* **Your assignment**: Everything from the line with "O Kit 3 Pares" through the last line of the data below should be copied exactly, apart from the pictures.

* **Information provided**:
====

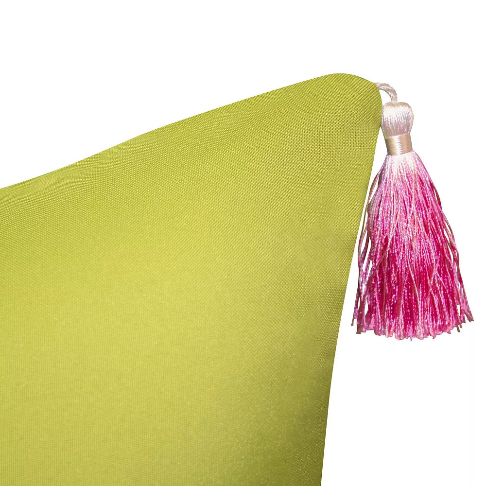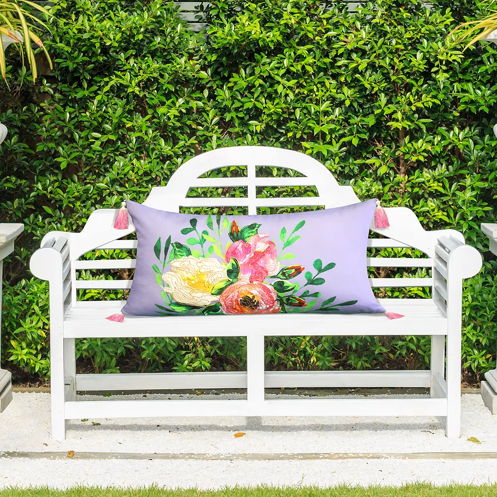 Easily elevate the look and feel of any living space with this exceptional Edie@Home Indoor Outdoor Rose Print with Embroidery and Ombre Tassels Throw Pillow.
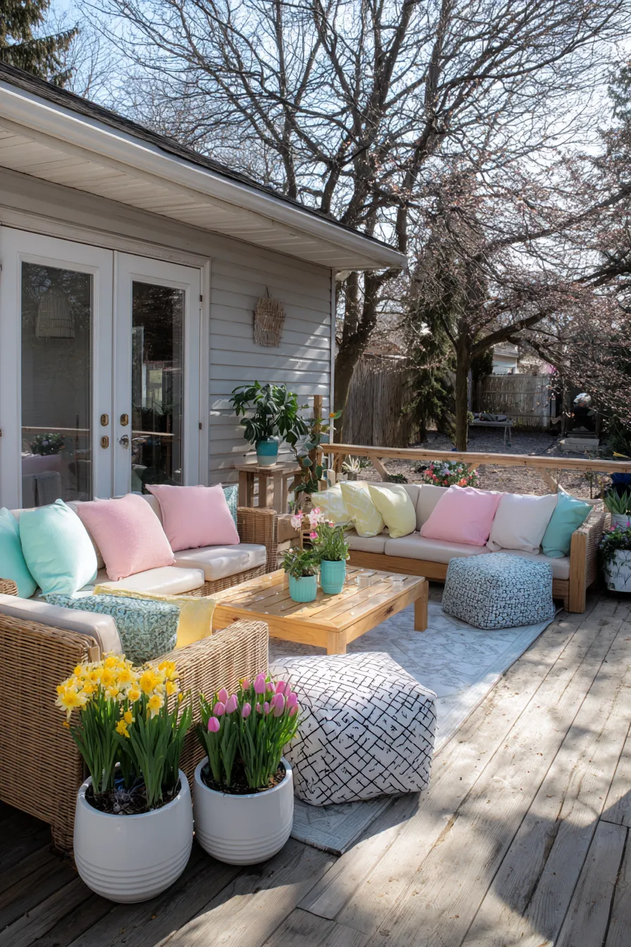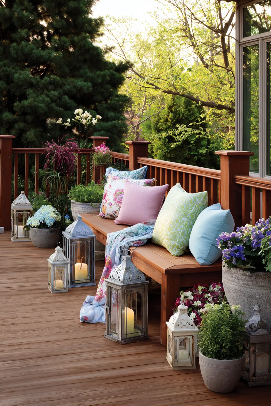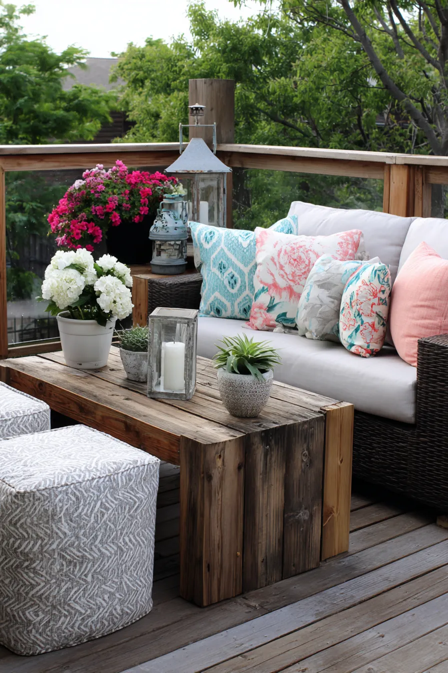 This deck mixes weathered wood with floral and pastel pillows to create a relaxed spring look. The rustic coffee table holds lanterns and potted blooms that add charm without feeling fussy.
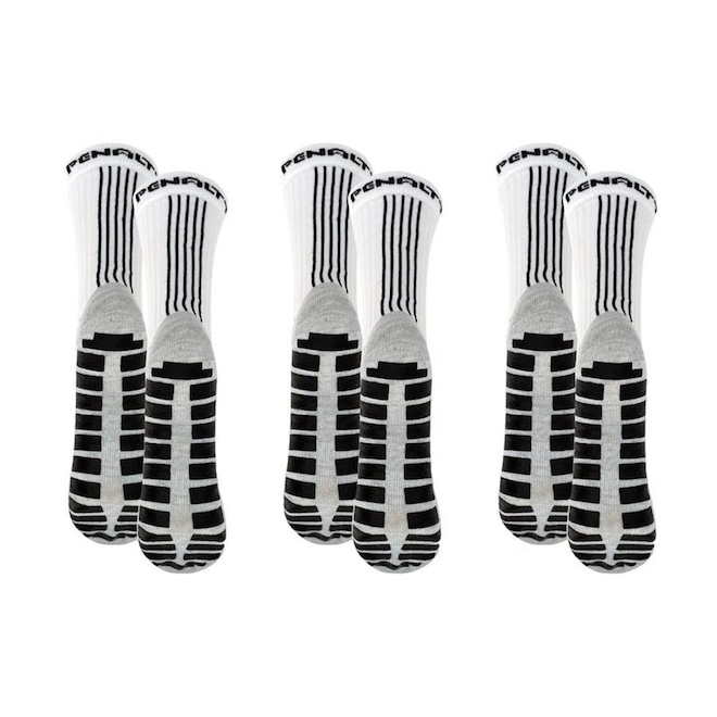 O Kit 3 Pares de Meias Penalty Grip Masculina é perfeito para quem busca conforto e desempenho nos jogos de futebol.Ameia deste kitt foi confeccionada com uma composição de poliéster e poliamida, ela é resistente e durável, garantindo uma alta perf
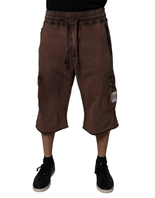 Dolce & Gabbana Brown Cotton Cargo Bermuda Sweatshorts Shorts

====

* **The completed task**:
 O Kit 3 Pares de Meias Penalty Grip Masculina é perfeito para quem busca conforto e desempenho nos jogos de futebol.Ameia deste kitt foi confeccionada com uma composição de poliéster e poliamida, ela é resistente e durável, garantindo uma alta perf
 Dolce & Gabbana Brown Cotton Cargo Bermuda Sweatshorts Shorts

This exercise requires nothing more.